Strange...
October 19, 2007, 7:52 p.m.

Philip has been having a rough time at work lately. I think it's going to be fine- in fact, I'm sure that it's going to be fine. It might be already. It's been a little strange, though- I read some letters he got from work, and some letters he wrote in response. Every time I read something insulting about him, I felt hurt. It was like I was reading things people wrote about me. I kept feeling stressed out and tight in the chest. I had to remind myself more than once that I was reading about someone else. And I had to remind myself, too, that Philip has this under control. He doesn't appear as stressed as I was feeling. Of course, he internalizes things, and I might not know how much this is getting to him.

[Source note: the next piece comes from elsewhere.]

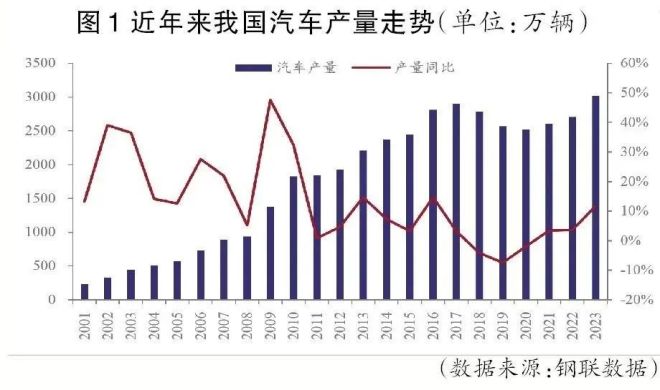 21世紀初,隨著我國經濟飛速發展,汽車行業迎來繁榮期。2001年—2010年,我國汽車產量年均增速高達25%。經過多年來的發展,我國汽車行業已邁入成熟期,汽車產銷量增速有所下滑。2011年以來,我國汽車產銷量增速明顯放緩。2011年—2023年,我國汽車產量年均增速降至4%。其中,2018年—2020年,受汽車購置稅減半政策退坡和新冠疫情的影響,我國汽車產量呈現負增長(如圖1)。
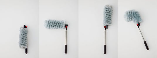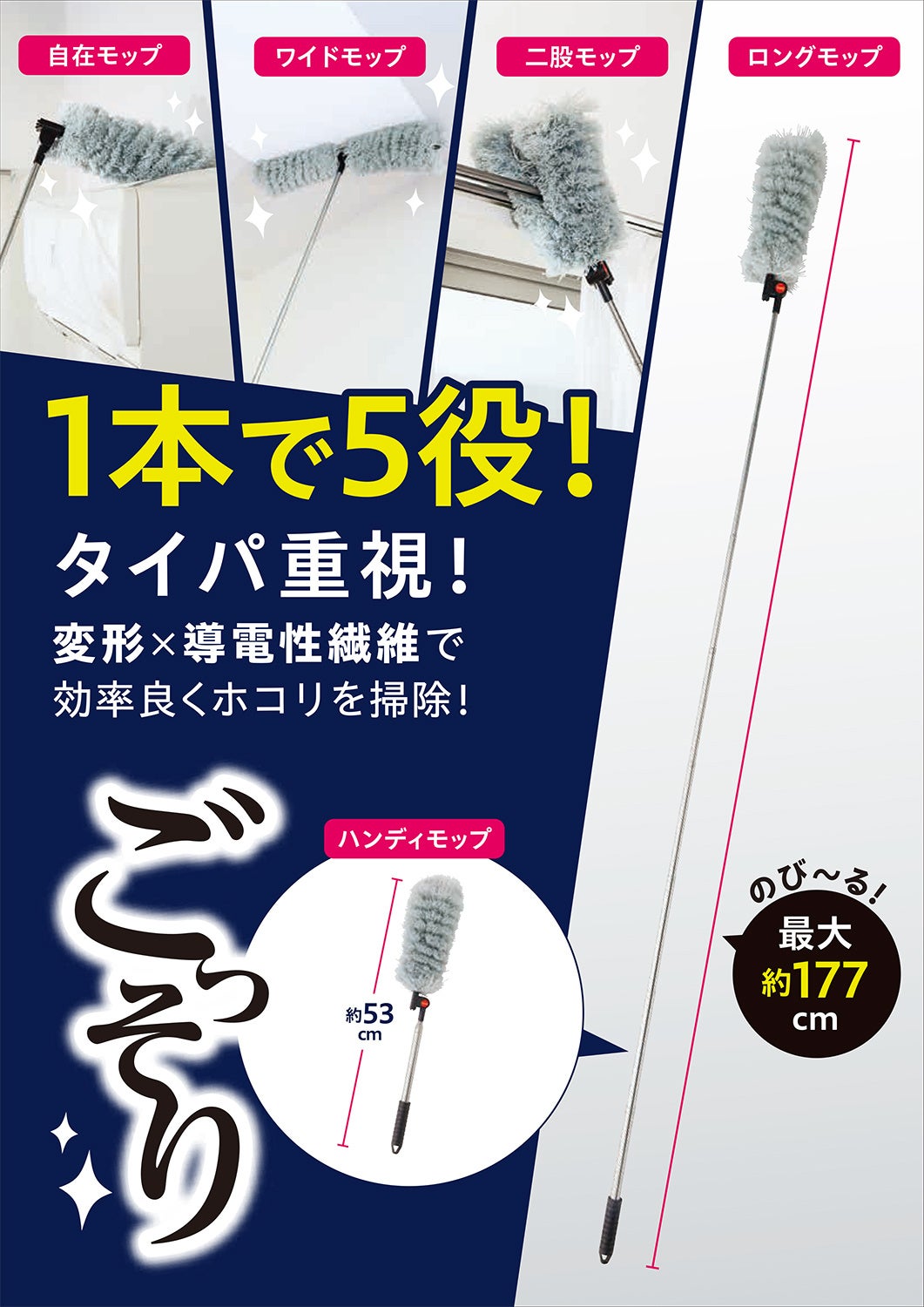 柄は最大 約177cm まで伸びる伸縮タイプ。脚立に上らなくても、天井や壁の上部、ライトまわり等の高所のホコリまでラクラクお掃除できます。縮めれば 約53cm になり、ハンディーモップとしても使えるのが便利なポイント。使い終わったら縮めてコンパクトに。フック穴付きなので収納もスマート。ブラシ2個付き。

I don't know if that's weird. It felt weird. It felt like I was taking on another person's stress- stress that the other person might not even have been feeling. Is that just marriage? I wonder if Philip feels that way when I'm under stress. I didn't think so. I mean, I know that when a person is stressed, they bring their feelings into a household. I know that during finals last year I snapped and kept weird hours and shirked chores. Obviously, that affects him. But does he actually worry when I worry, or feel afraid that he's going to fail when it's my grade on the line? Because that's what it felt like. I felt like I was being yelled at when I read those letters. I wasn't just upset because he gave off bad vibes, I was upset because I felt like MY job was in danger.